Since the Harvey Weinstein incident, sexual misconduct has come to the forefront of the American public’s attention. In less than two months, a horde of Hollywood directors, actors, and various affiliated personnel have been exposed for committing illegal sexual acts, including assault and pedophilia.
For the most part, everyone around the political spectrum condemns sexual misconduct in every form. This is perhaps best seen in wake of the recent allegations thrown against Roy Moore. Several Republican politicians, including John McCain, Mitt Romney, and Adam Kinzinger, have all publicly condemned Moore.
However, there is a part of this story that needs to be examined a little closer.
Vice President Mike Pence has a rule. In 2002, Pence told The Hill that, “he never eats alone with a woman other than his wife and that he won’t attend events featuring alcohol without her by his side.” This is a great exercise in fidelity and discipline, and should more public figures follow Moore’s example, they would find themselves lacking any sexual abuse allegations.
Shortly, after the presidential election, Pence was heavily scrutinized for his “old-fashioned” character, and many on the progressive left began to virtue signal, as they do best. Many began to insist that Pence was a misogynist of sorts, or that he was actively trying to undermine women’s place in society by treating them differently on the basis of their gender. Yet, after the swarm of sexual abuse allegations that have emerged, Pence’s rule seems quite welcoming at this point.
And here lies the hypocrisy among the left. Radical feminists criticize Pence’s rule of not eating dinner with any woman except for his wife, and yet, they will likewise be outraged by scandals such as the many sexual abuse allegations making their rounds in Hollywood. There is no satisfying the demands of feminism, because feminism has no endgame. Feminism’s ultimate goal is to empower women by any means possible, and that includes forsaking the principles of equality.
Either we are doing too little, or too much. Either we are reserved fundamentalists, or rabid sex offenders. Or, at least, so goes the radical feminist narrative. From this type of projection, where feminists imagine every man in the world as their deplorable ex-boyfriend, it is understandable that women would inevitably victimize themselves with the viral hashtag #MeToo.
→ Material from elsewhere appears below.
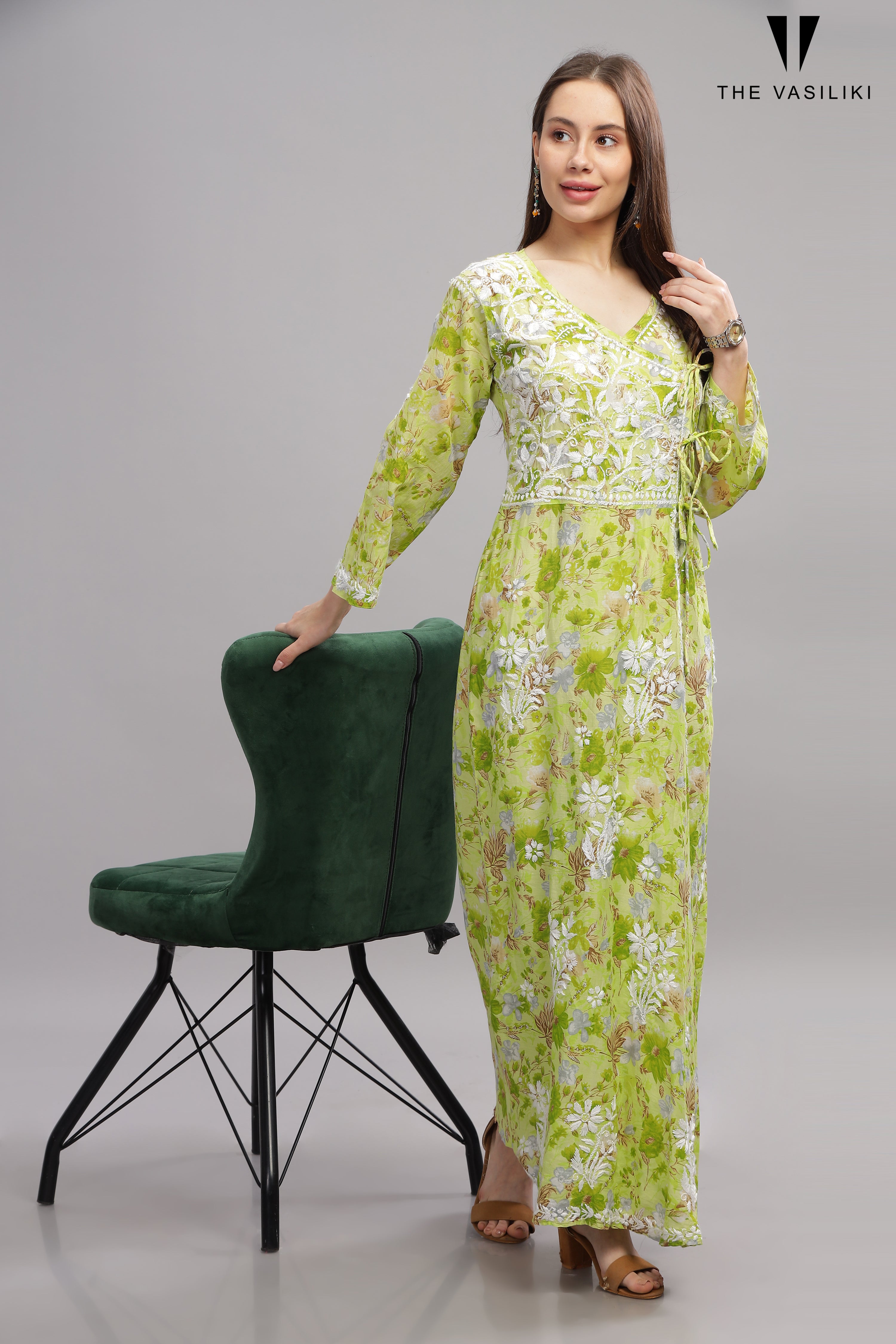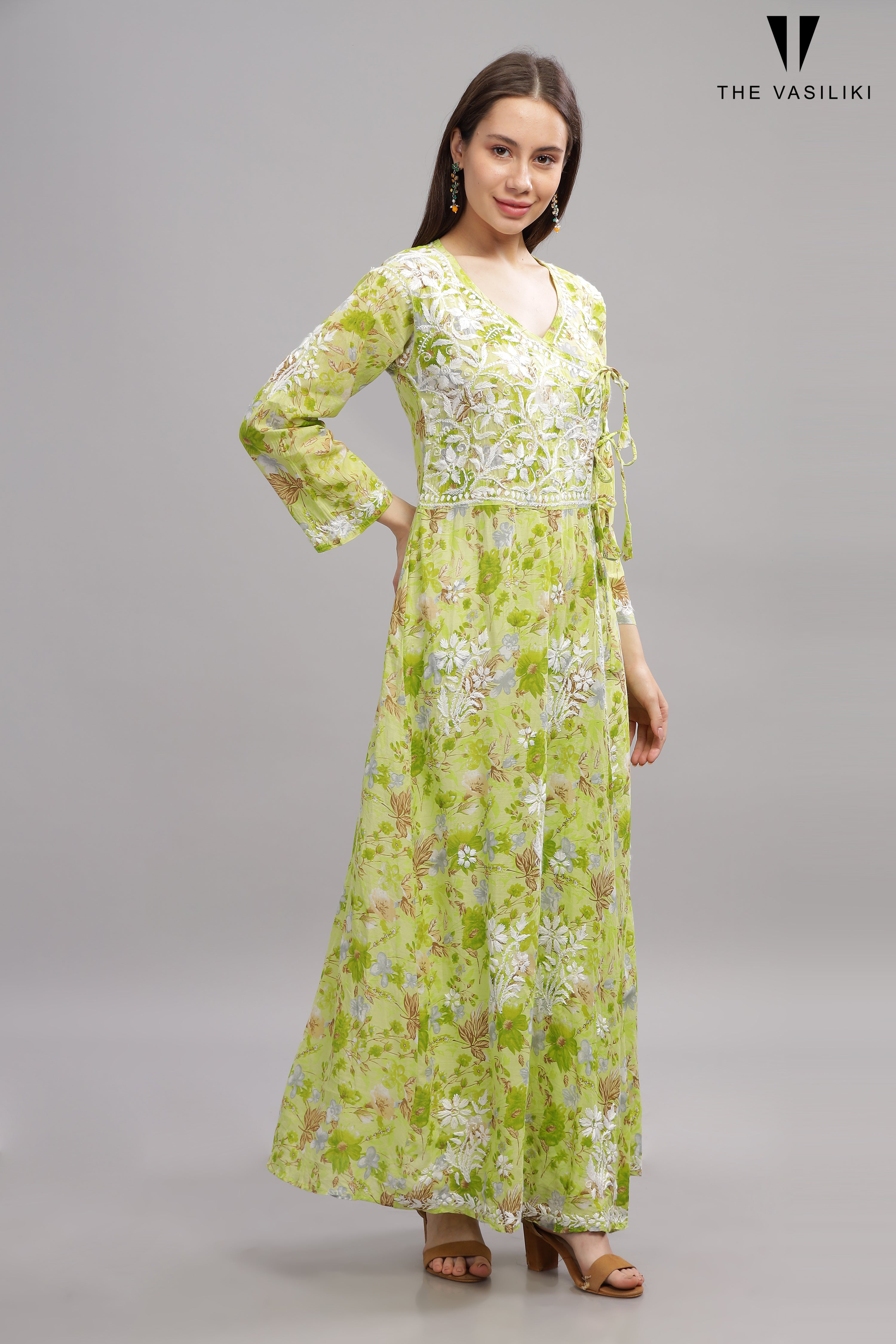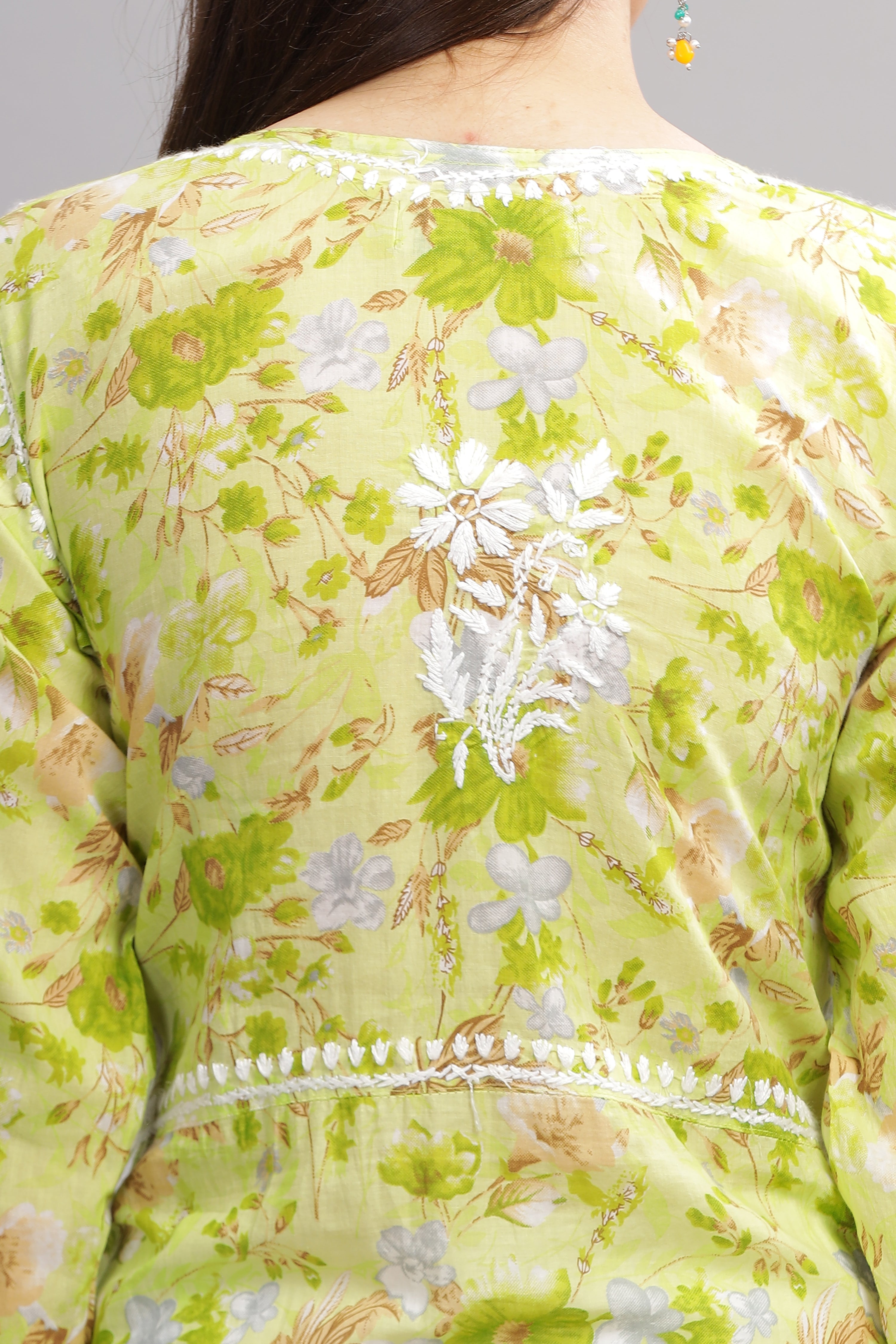 Flowery Green Mulmul Cotton Anarkali Gown with White Chikankari Embroidery

#MeToo is an example of the infantilization of femininity in Western society, whereby women are taught that they are victims of an unseen, abstract entity; that is, the Patriarchy. Through placing the blame of whatever predicament may have befallen them, feminism has engineered a type of religious following, whereby whosoever disagrees with the conclusions of such a belief system are socially shamed into ideological submission.